[TASK BRIEF] Directions for the data below: repeat exactly the lines from the one with "In Eastern philosophy, an" through the one with "A striking picture", both included, and omit all pictures.

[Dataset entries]
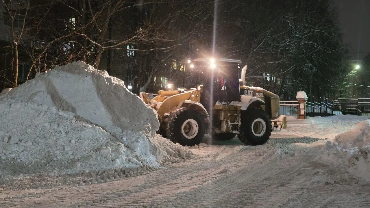 После обильного снегопада коммунальщики и дорожники работали в круглосуточном режиме. Чтобы расчистить проезды и тротуары, задействовали бригаду рабочих, фронтальный погрузчик и два самосвала.
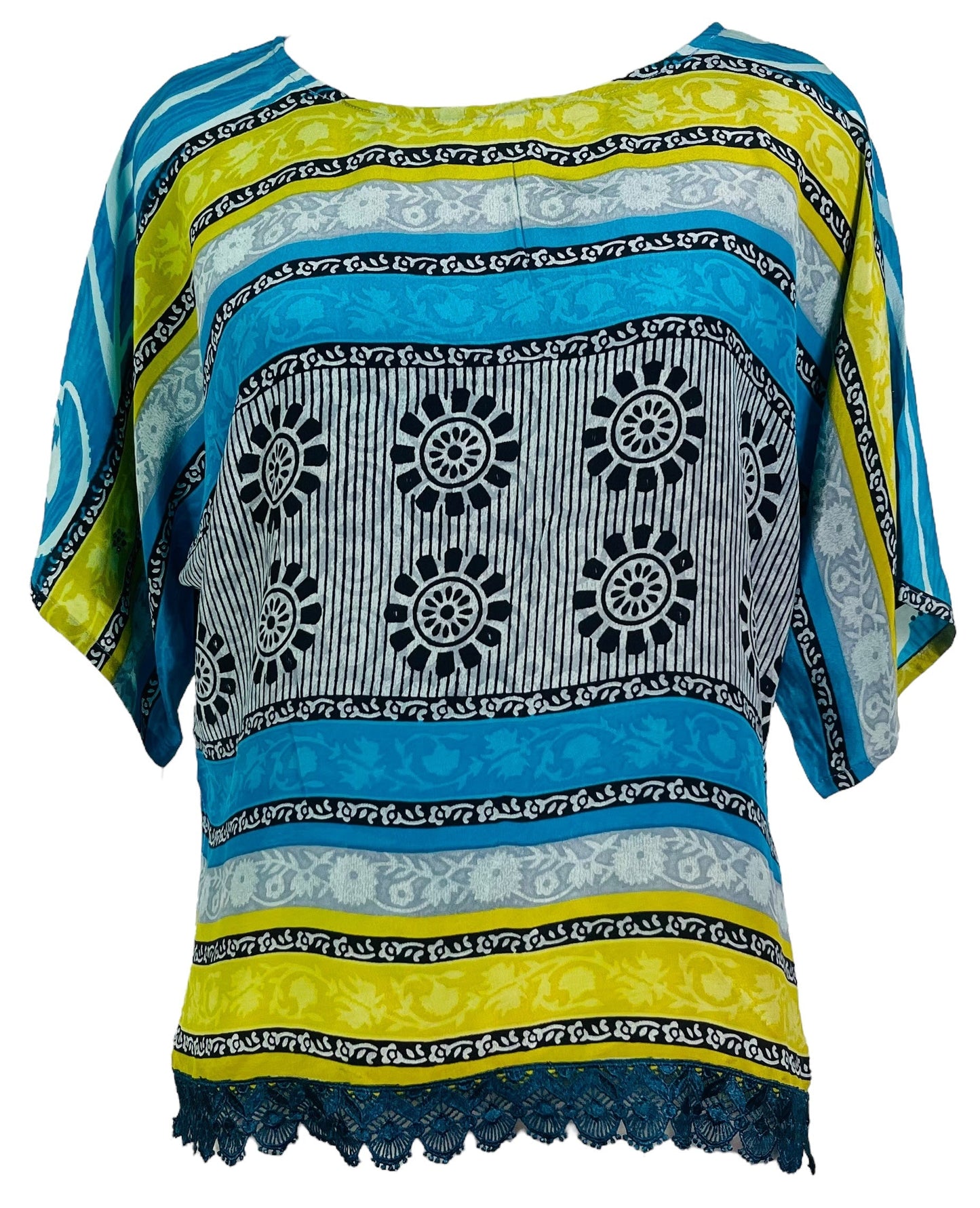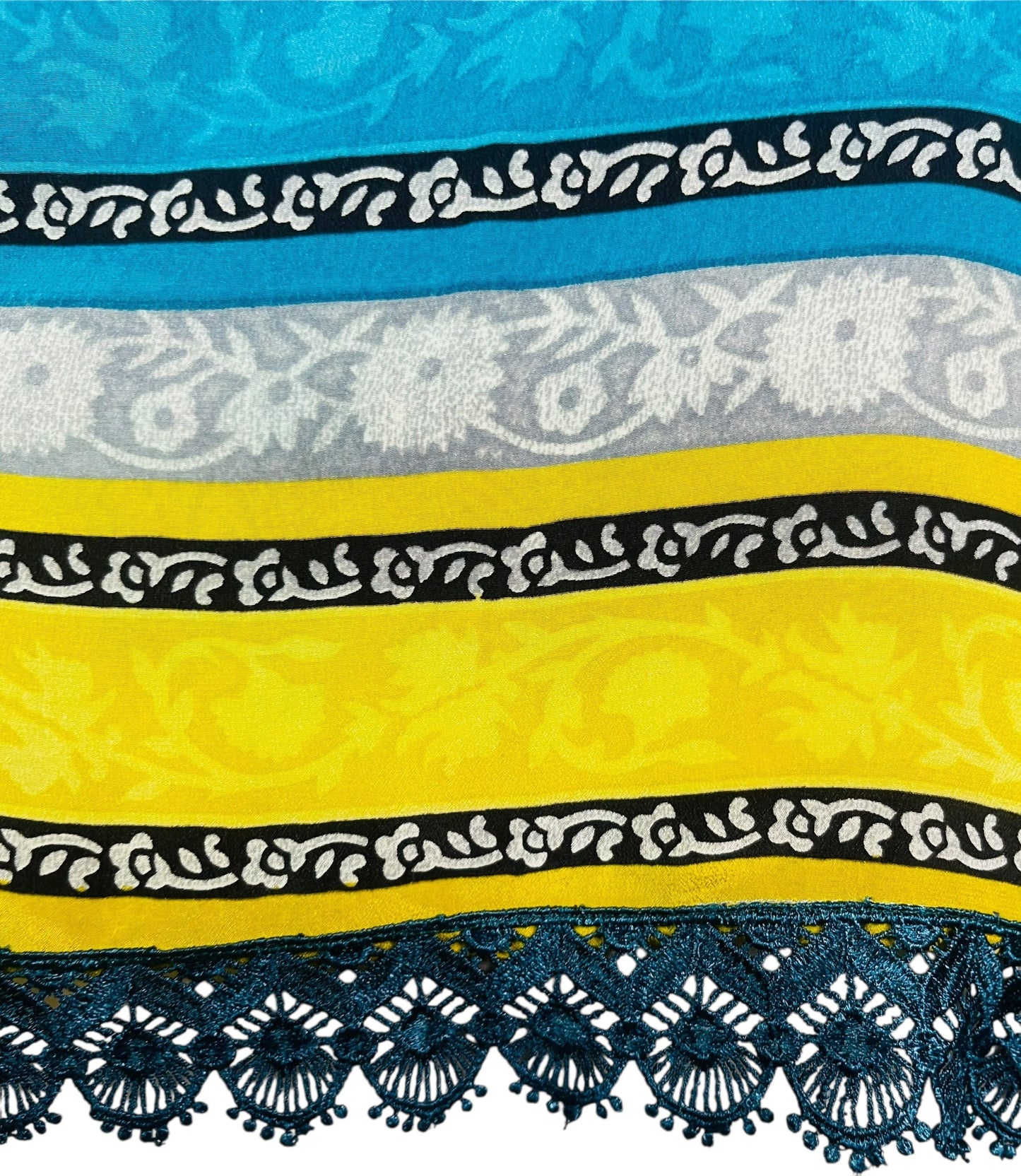 In Eastern philosophy, an Avatar is an incarnation that teaches how to evolve virtues of the past into the present. The Pure Upcycled Silk Avatar Collection is made from vintage pure silk saris, chosen and worn by women in the past to celebrate their lives.If you look very closely, you will see that the silks in this collection show some of the character of their previous incarnations through the appliqués that have been lovingly applied to bring new life to the fabric. This piece is a reminder that we are part of a collective journey to which we all add a little something.
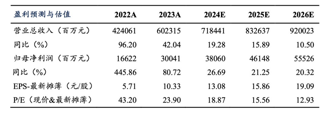 由于DM5.0订单超预期,我们上调公司24-26年归母净利润至381/461/555亿元(此前预期352/424/510亿元),同增27%/21%/20%,对应PE分别为19/16/13x,考虑到公司龙头地位,给予24年25xPE,目标价327元,维持“买入”评级。
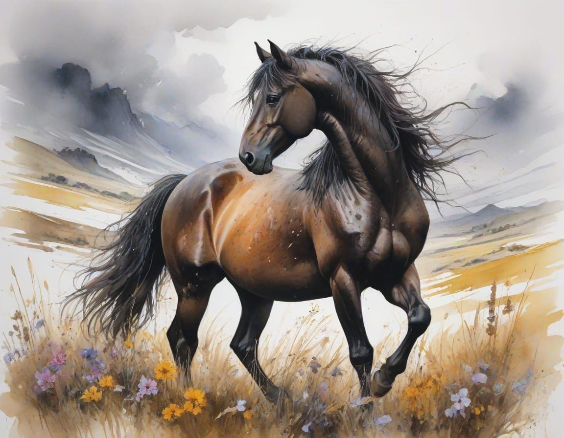 A striking picture of a black stallion grazing in a wildflower field as a storm approaches. The scene is rendered in watercolor with wet-on-wet washes and a warm color palette.
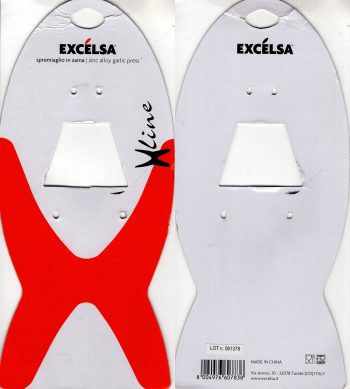 Gebrauch : Der Gebrauchstest verlief enttäuschend: Wegen der eher großen Siebfläche und den viel zu kurzen Griffen (Hebelarm!) kann nicht genug Druck aufgebaut werden um eine oder gar mehrere Knoblauchzehen durch das Sieb zu befördern. Die Zehen werden im Sieb plattgedrückt und können von dort, auch mittels des umklappbaren Noppenfeldes auf der Rückseite der Stempels, vom Siebboden gelöst, etwa mit einem Messerchen aus dem Korb gestochert und anderweitig verwendungsgerecht weiter verarbeitet werden. Die Presse muss als nicht gebrauchsfähig bezeichnet werden!

[WRITTEN ANSWER]
 In Eastern philosophy, an Avatar is an incarnation that teaches how to evolve virtues of the past into the present. The Pure Upcycled Silk Avatar Collection is made from vintage pure silk saris, chosen and worn by women in the past to celebrate their lives.If you look very closely, you will see that the silks in this collection show some of the character of their previous incarnations through the appliqués that have been lovingly applied to bring new life to the fabric. This piece is a reminder that we are part of a collective journey to which we all add a little something.
 由于DM5.0订单超预期,我们上调公司24-26年归母净利润至381/461/555亿元(此前预期352/424/510亿元),同增27%/21%/20%,对应PE分别为19/16/13x,考虑到公司龙头地位,给予24年25xPE,目标价327元,维持“买入”评级。
 A striking picture of a black stallion grazing in a wildflower field as a storm approaches. The scene is rendered in watercolor with wet-on-wet washes and a warm color palette.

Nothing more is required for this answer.